[Source data]
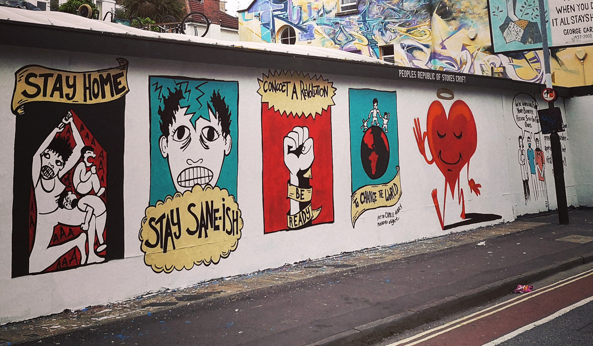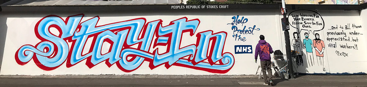 We chose ‘Stay In’ rather than the more widely used ‘stay home’ message, reflecting the high number of people with no homes to go to around Stokes Croft.
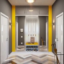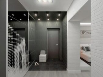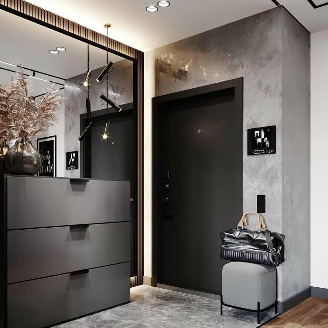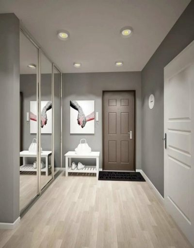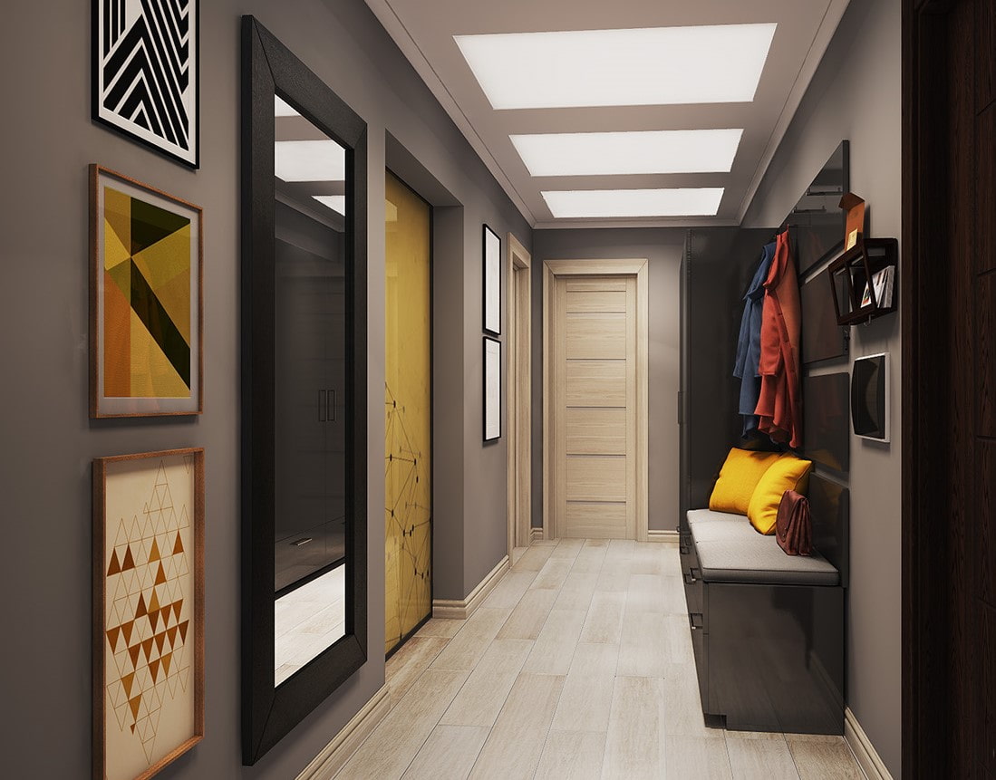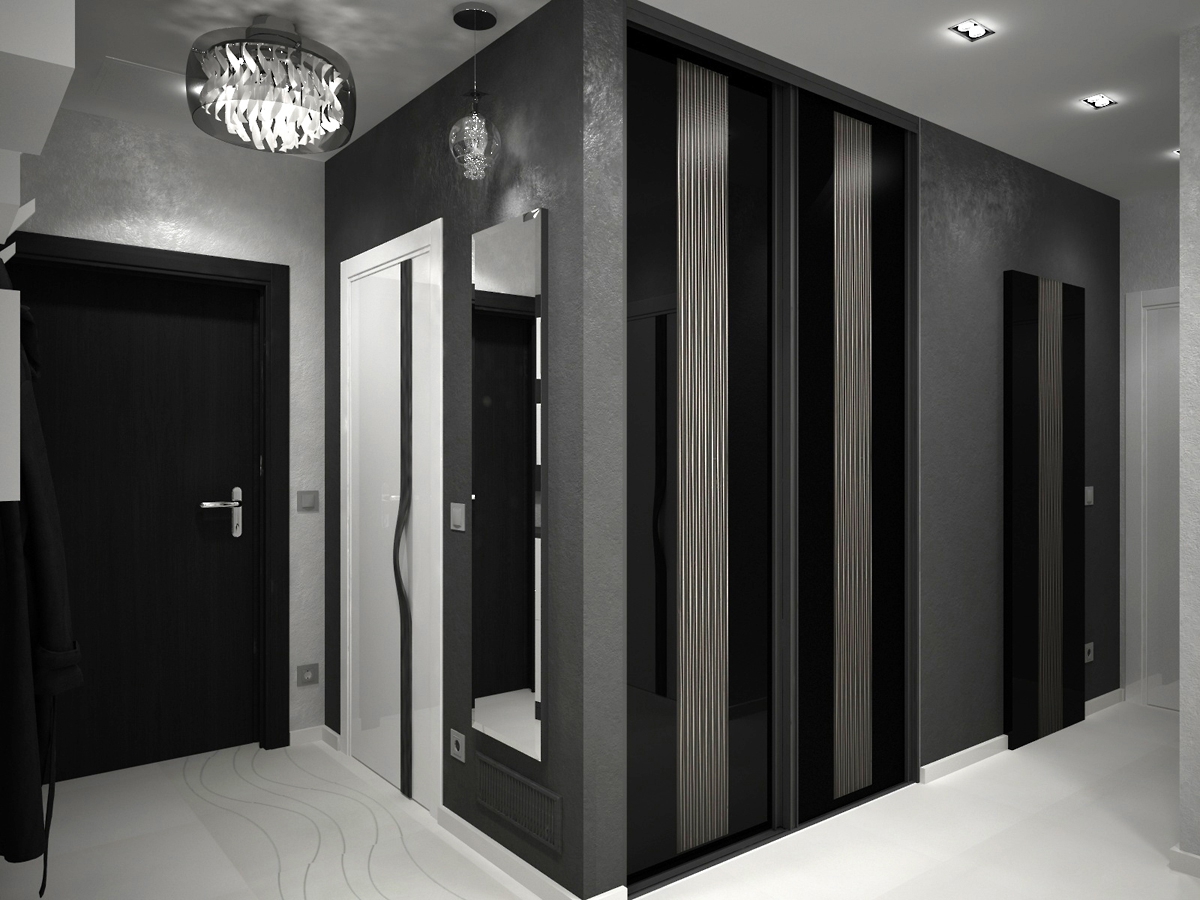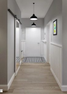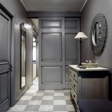 - sfumature di grigio chiare e contrastanti espandono lo spazio, rendendolo ideale per corridoi stretti e piccoli corridoi.
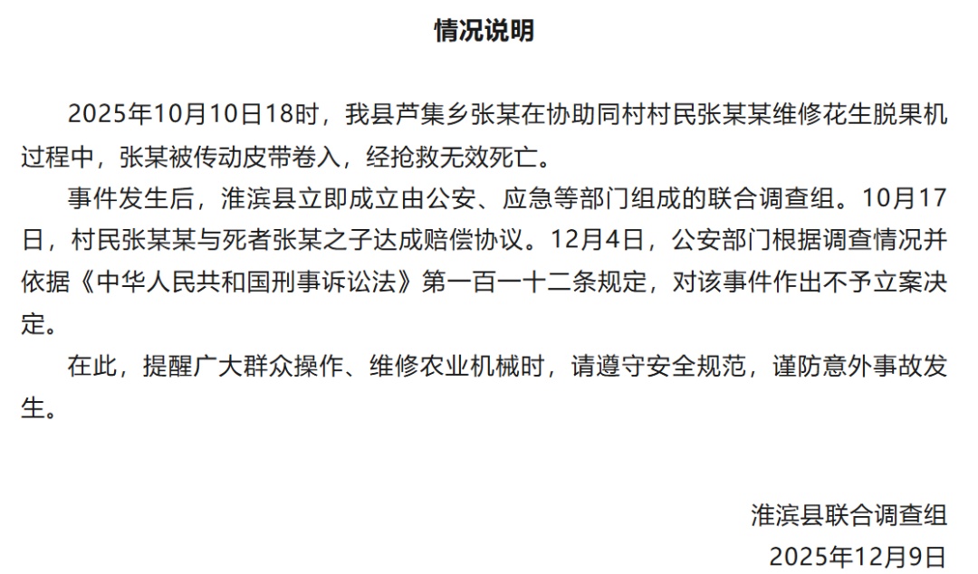 12月4日,公安部门根据调查情况并依据《中华人民共和国刑事诉讼法》第一百一十二条规定,对该事件作出不予立案决定。在此,提醒广大群众操作、维修农业机械时,请遵守安全规范,谨防意外事故发生。
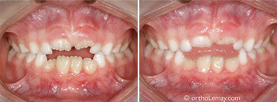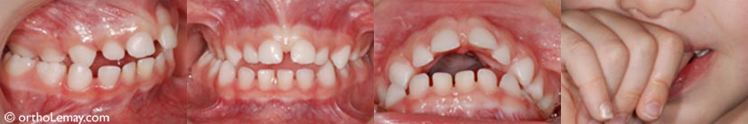 Exemple “typique” d’une habitude de suçage de doigt sévère; béance antérieure et constriction de l’arcade supérieure. Il commence a y avoir déformation de la mâchoire supérieure chez cette jeune fille de 6 ans. Il est indiqué d’enrayer cette habitude néfaste dès que possible pour minimiser les dommages.
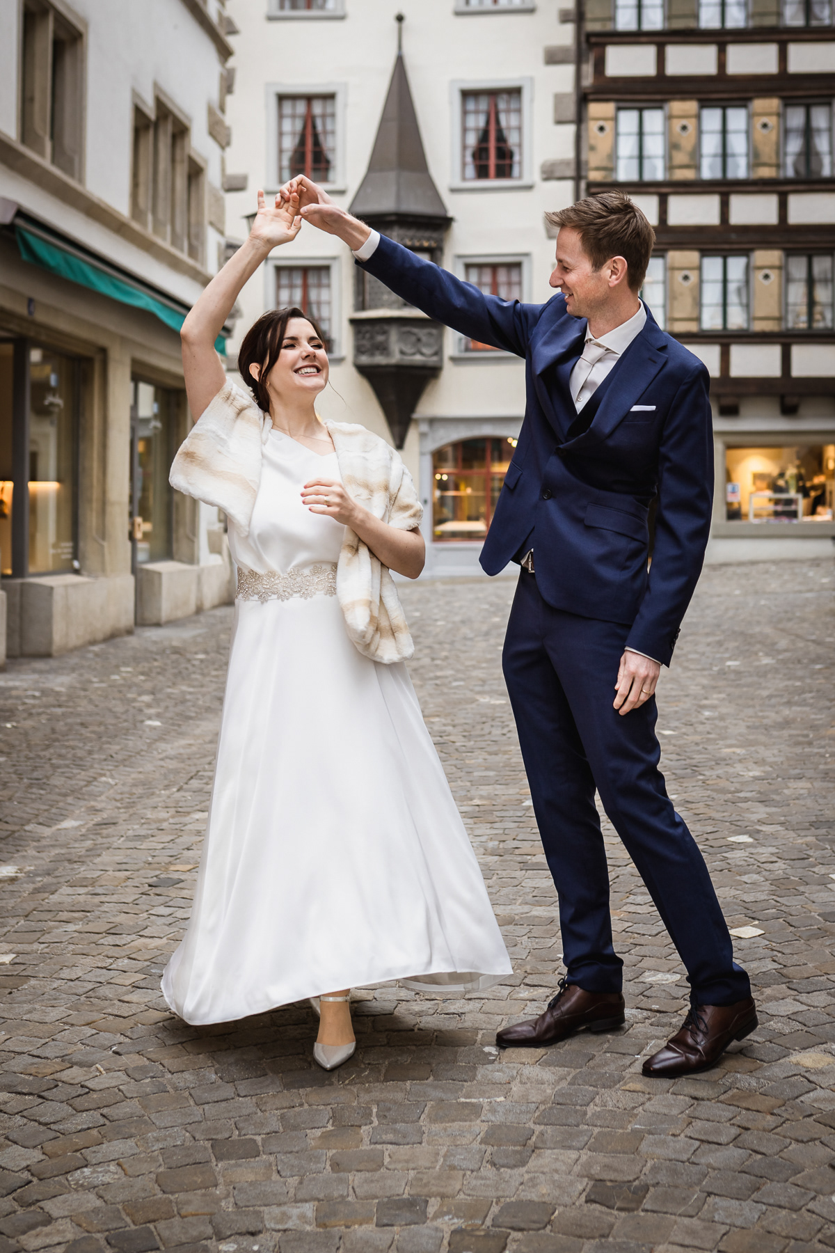 It was the beginning of February 2021. After many rainy days in Central Switzerland, the sun started to shyly break through the clouds. On Friday afternoon there were not many people on the streets of the old town of Zug. I immediately noticed Niels coming from the direction of Kolinplatz. He was a little stressed and happy at the same time. I took a few groom’s portraits near the Zug Townhall. Then the bride came. I’ve met Marissa before, during our family sessions. Every time she was smiling and cheerful. However, on her wedding day, she literally radiated joy. During their first look near the Zuger Clock Tower Zytturm, the sparkles of joy and love in Niels’ eyes confirmed how delighted he was.

> TASK REQUIREMENTS
A word-for-word copy of the data, without its pictures, is what is needed.

> EXERCISE RESULT
 We chose ‘Stay In’ rather than the more widely used ‘stay home’ message, reflecting the high number of people with no homes to go to around Stokes Croft.
 - sfumature di grigio chiare e contrastanti espandono lo spazio, rendendolo ideale per corridoi stretti e piccoli corridoi.
 12月4日,公安部门根据调查情况并依据《中华人民共和国刑事诉讼法》第一百一十二条规定,对该事件作出不予立案决定。在此,提醒广大群众操作、维修农业机械时,请遵守安全规范,谨防意外事故发生。
 Exemple “typique” d’une habitude de suçage de doigt sévère; béance antérieure et constriction de l’arcade supérieure. Il commence a y avoir déformation de la mâchoire supérieure chez cette jeune fille de 6 ans. Il est indiqué d’enrayer cette habitude néfaste dès que possible pour minimiser les dommages.
 It was the beginning of February 2021. After many rainy days in Central Switzerland, the sun started to shyly break through the clouds. On Friday afternoon there were not many people on the streets of the old town of Zug. I immediately noticed Niels coming from the direction of Kolinplatz. He was a little stressed and happy at the same time. I took a few groom’s portraits near the Zug Townhall. Then the bride came. I’ve met Marissa before, during our family sessions. Every time she was smiling and cheerful. However, on her wedding day, she literally radiated joy. During their first look near the Zuger Clock Tower Zytturm, the sparkles of joy and love in Niels’ eyes confirmed how delighted he was.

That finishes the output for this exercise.